*** Data extracts ***

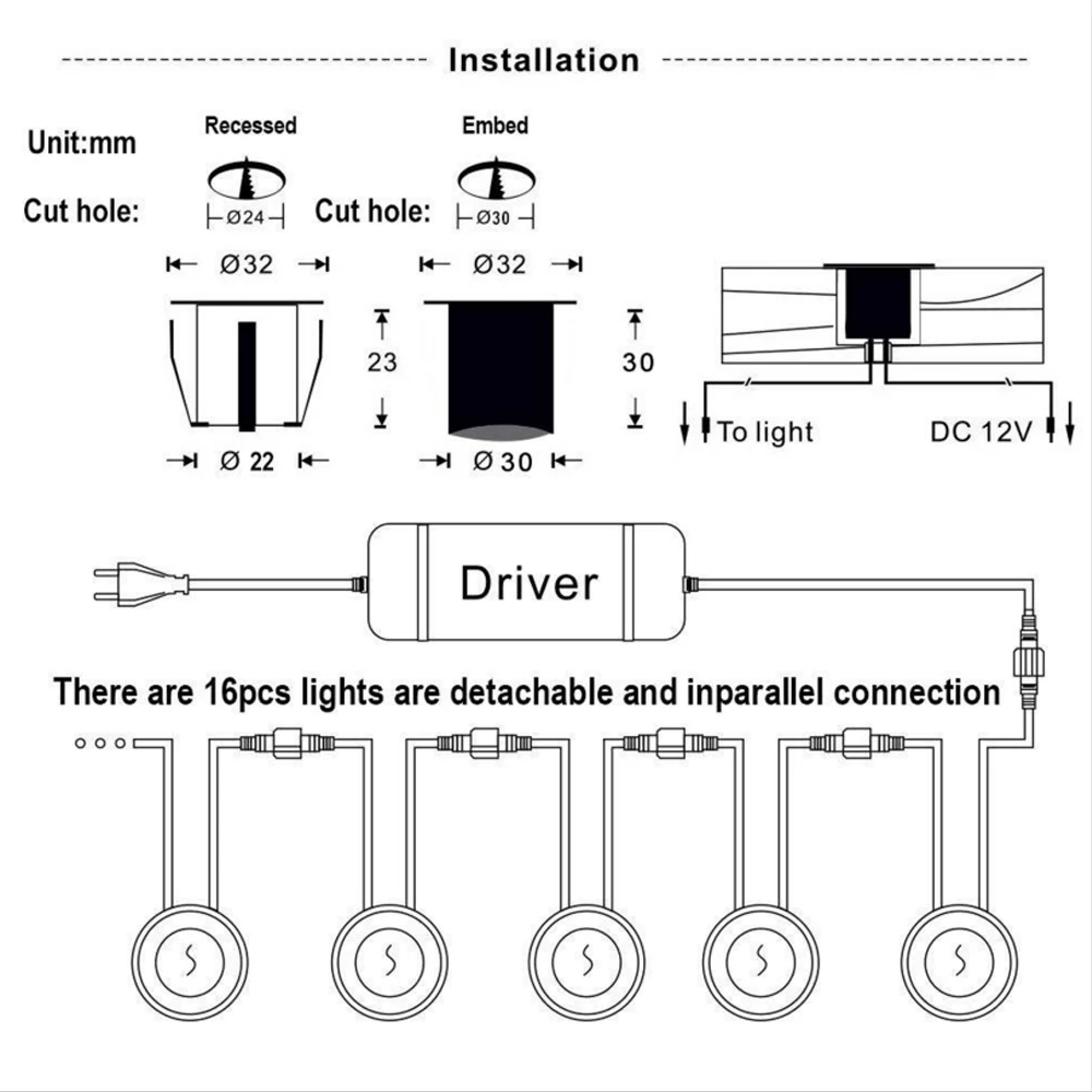 1. Модель: светодиодный светильник2. Трансформатор Вход: 100-240VAC В переменного тока, 50/60 Гц3. Светодиодный светильник на палубе Вход: 12 В постоянного тока4. Мощность: 0,6 вт/шт5. Светодиодный цвет: теплый белый и натуральный белый6. Светодиодный источник: SMD28357. Световой поток: 50 лм (однослойный светильник)8. Материал: нержавеющая сталь + ABS9. Размер: d32 мм * 23 мм (диаметр * глубина)10. Черный защиты оболочки: 29*37,5 мм (диаметр * глубина)11. Открытие: 22 мм12. Водонепроницаемость: IP6713. Цветовая температура: натуральный белый: 4500K теплый белый: 3000K14. Длина кабеля: около 100 см/39,4 дюйма (на светильник)15. Автоматическая Настройка («подключи Длина: около 2,5 м-Применение:Твердый деревянный пол; Ламинат; Ковер; Керамическая плитка; Натуральный камень; Кварцевое напольное покрытие (внутри и снаружи) (заменить потолок, небольшой вниз светильник)
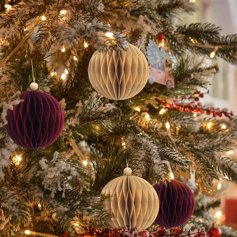 - Set of 8 Honeycomb Paper Christmas Baubles. Opened size: 8cm in diameter.
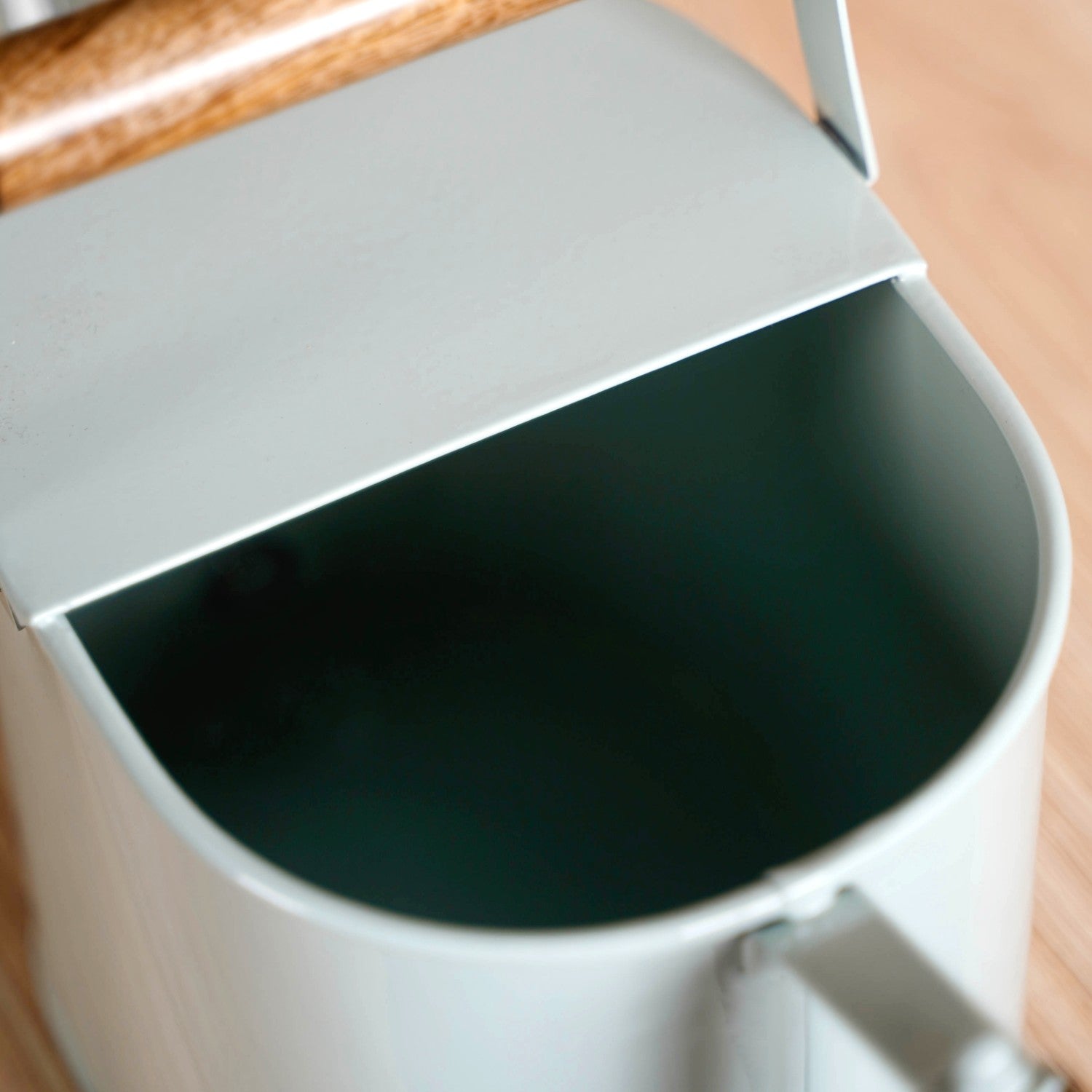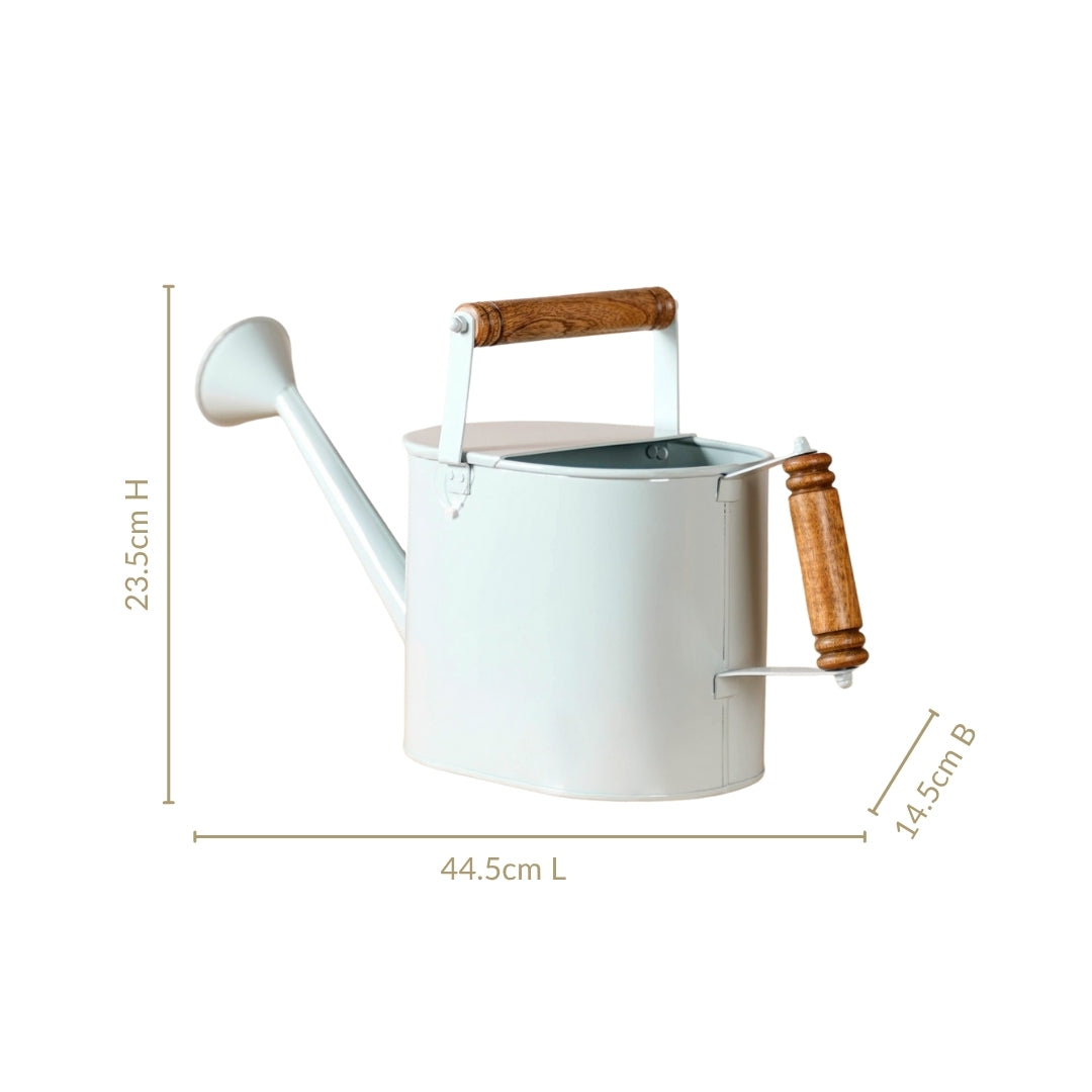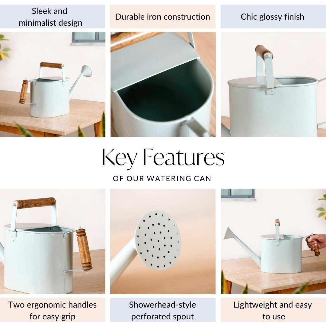 Design: This watering can features a contemporary silhouette in a soothing meadow mist bluish-green hue. Crafted from durable iron with a glossy finish, it balances strength and style. The wide top opening allows easy refilling, while the perforated spout ensures an even, gentle flow. Dual ergonomic handles, one on top and one at the side, are detailed with smooth mango wood, adding warmth and comfort to the modern form.
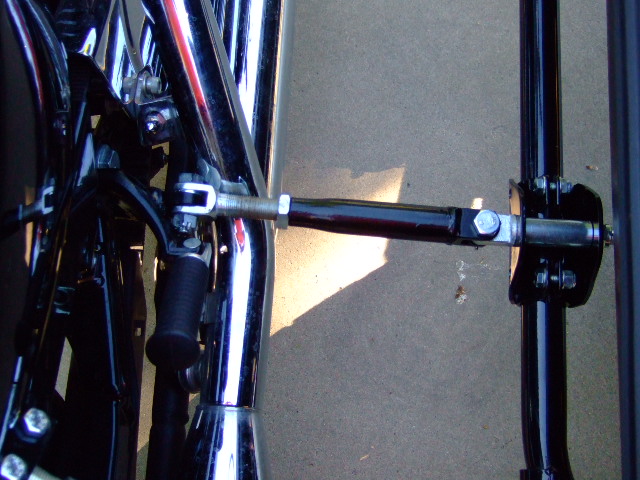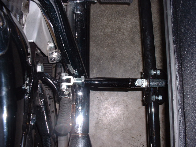 A fabricated lower rear bracket as shown, will allow the sidecar to be mounted further back in relation to the bike.
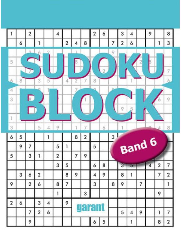 Das aus Japan kommende Rätsel Sudoku besteht aus neun quadratischen 3 x 3-Blöcken, wobei jeder quadratische Block in drei Reihen mit jeweils drei Kästchen unterteilt ist. In jedem quadratischen 3 x 3-Block sind Zahlen zwischen 1 und 9 vorgegeben. Diese vorgegebenen Zahlen gilt es so zu ergänzen, dass jede Zahl zwischen 1 und 9 nur einmal vorkommt. Auch in den neun Spalten und neun Zeilen des gesamten Sudoku Rätsels dürfen die Zahlen von 1 bis 9 nur einmal vor kommen. Die Sudoku-Rätsel sind in die Schwierigkeitsstufen leicht, mittel und schwer und sehr schwer eingeteilt. Der große Block enthält jeweils auf der Rückseite die Lösung zum vorhergehenden Rätsel - für jede Menge Rätselspaß.
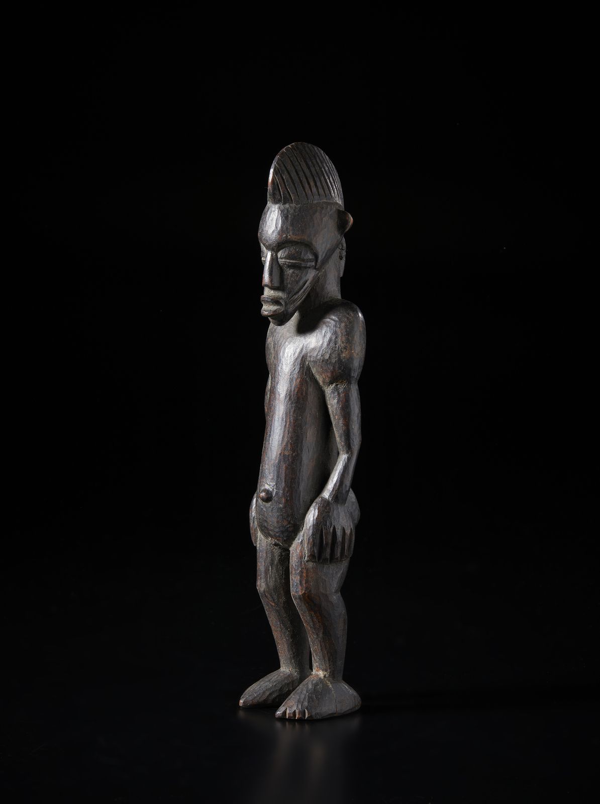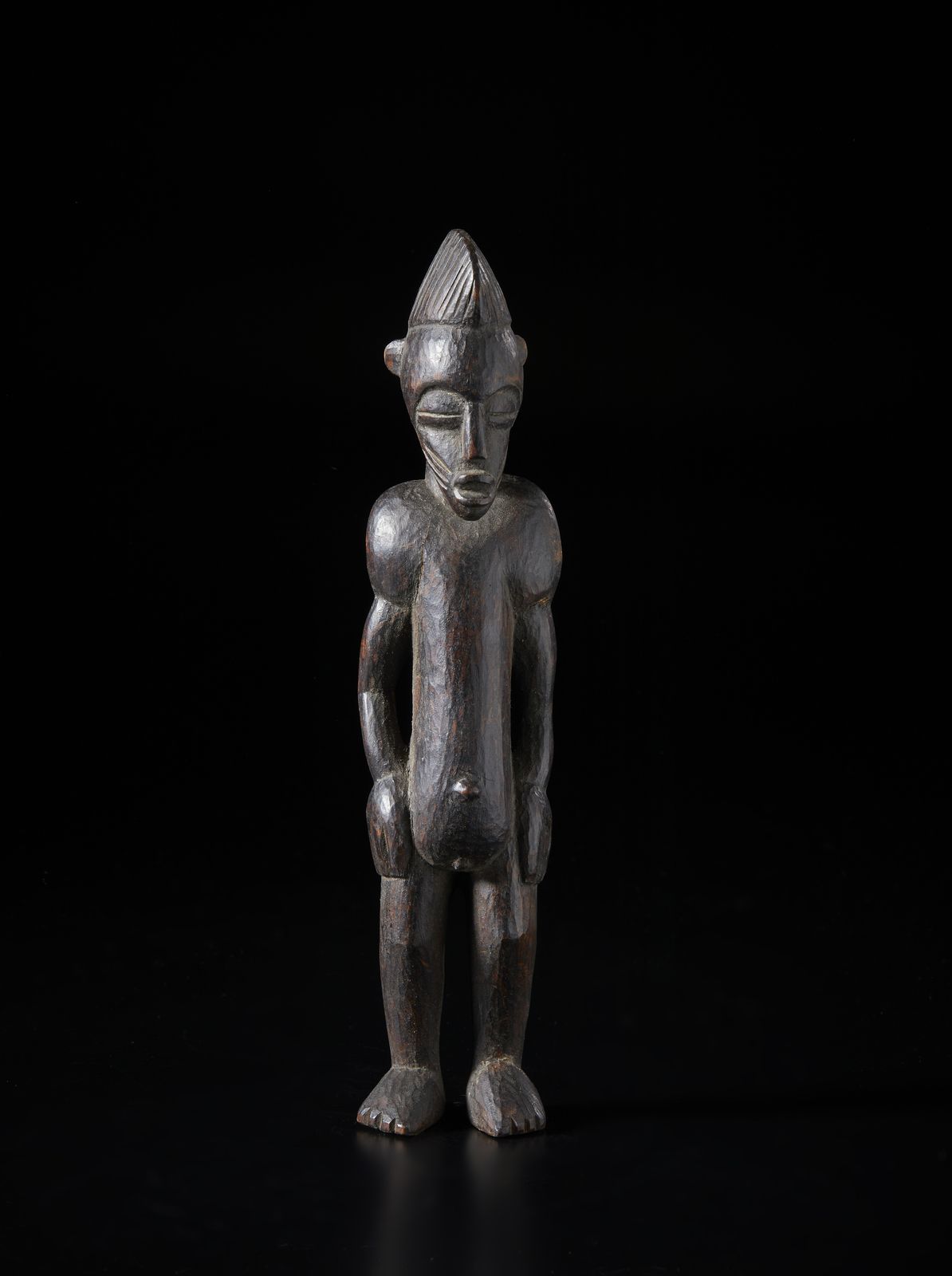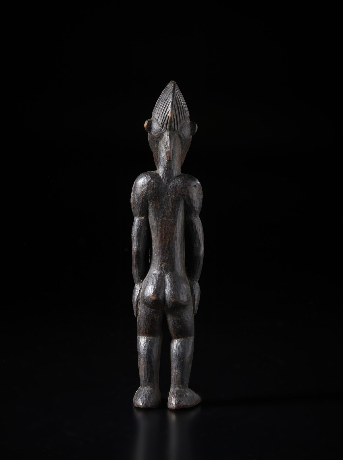 Scultura antropomorfa in posizione eretta.Legno a patina scura.

*** End of Data extracts ***

Although the records above contain pictures, the copy must not; set down exactly the lines from the one with "Design: This watering" up to and including the one with "A fabricated lower".

 Design: This watering can features a contemporary silhouette in a soothing meadow mist bluish-green hue. Crafted from durable iron with a glossy finish, it balances strength and style. The wide top opening allows easy refilling, while the perforated spout ensures an even, gentle flow. Dual ergonomic handles, one on top and one at the side, are detailed with smooth mango wood, adding warmth and comfort to the modern form.
 A fabricated lower rear bracket as shown, will allow the sidecar to be mounted further back in relation to the bike.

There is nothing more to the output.